You see, there is a problem with the above pattern: all the parts are optional, that is, each part can match a null string - no sign, no digits before the period, no period, no digits after the period. In other words: *Our pattern can match an empty string!*

Our questionable numbers, like "+000" will be perfectly acceptable and we (grudgingly) agree. But more surprisingly, the strings "--1" and "A1B2" will be accepted too! Why? Because the pattern can start anywhere in the string, so it would match the substrings "-1" and "1" respectively!

We need to reconsider our pattern - it is too simple, too permissive:

- The character before a minus or a plus, if there is any, can not be another digit, a period or a minus or plus. Let us make it a space or a tab or the beginning of the string:
**^|[ \t]** - This may look a bit strange, but what it says is: either the beginning of the string (^ outside the square brackets) - or (the vertical bar)

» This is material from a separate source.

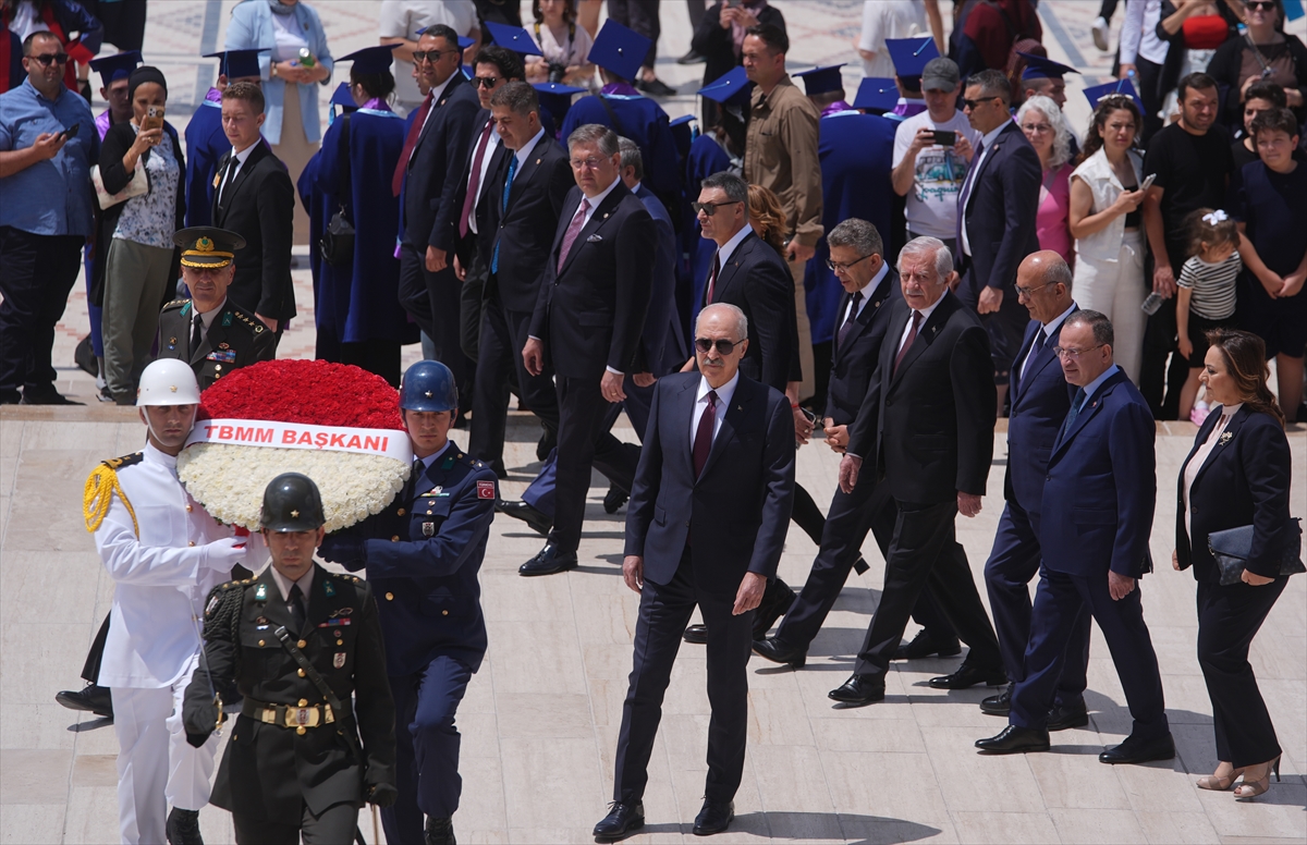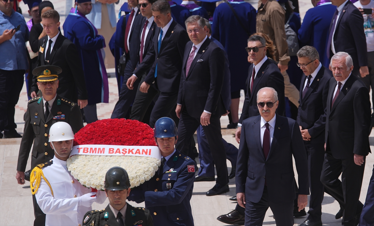 Kurtulmuş'un, "TBMM Başkanı" yazılı kırmızı beyaz karanfillerden oluşan çelengi Atatürk'ün mozolesine bırakmasının ardından saygı duruşunda bulunuldu.

a space or tab (remember: the string "\t" represents the tab character).
- Any sequence of digits before the period (if there is one) is allowed:
**[0-9]+\.?**
- There may be zero digits in front of the period, but then there must be at least one digit behind it:
**\.[0-9]+**
- And of course digits in front and behind the period:
**[0-9]+\.[0-9]+**
- The character after the string (if any) can not be a "+","-" or "." as that would get us into the unacceptable number-like strings:
**$|[^+-.]** (The dollar sign signifies the end of the string).

Before trying to write down the complete regular expression, let us see what different forms we have:

- No period:
**[-+]?[0-9]+**
- A period without digits before it:
**[-+]?\.[0-9]+**
- Digits before a period, and possibly digits after it:
**[-+]?[0-9]+\.[0-9]***

Now the synthesis: **(^|[ \t])([-+]?([0-9]+|\.[0-9]+|[0-9]+\.[0-9]*))($|[^+-.])**

Or: **(^|[ \t])([-+]?(\d+|\.\d+|\d+\.\d*))($|[^+-.])**

The parentheses are needed to distinguish the alternatives introduced by the vertical bar and to capture the substring we want to have. Each set of parentheses also defines a substring and this can be put into a separate variable: **regexp {.....} $line whole char_before number nosign char_after**

# Or simply only the recognised number (x's as placeholders), the

# last can be left out.

regexp {.....} $line x x number

*Tip:* To identify these substrings: just count the opening parentheses from left to right.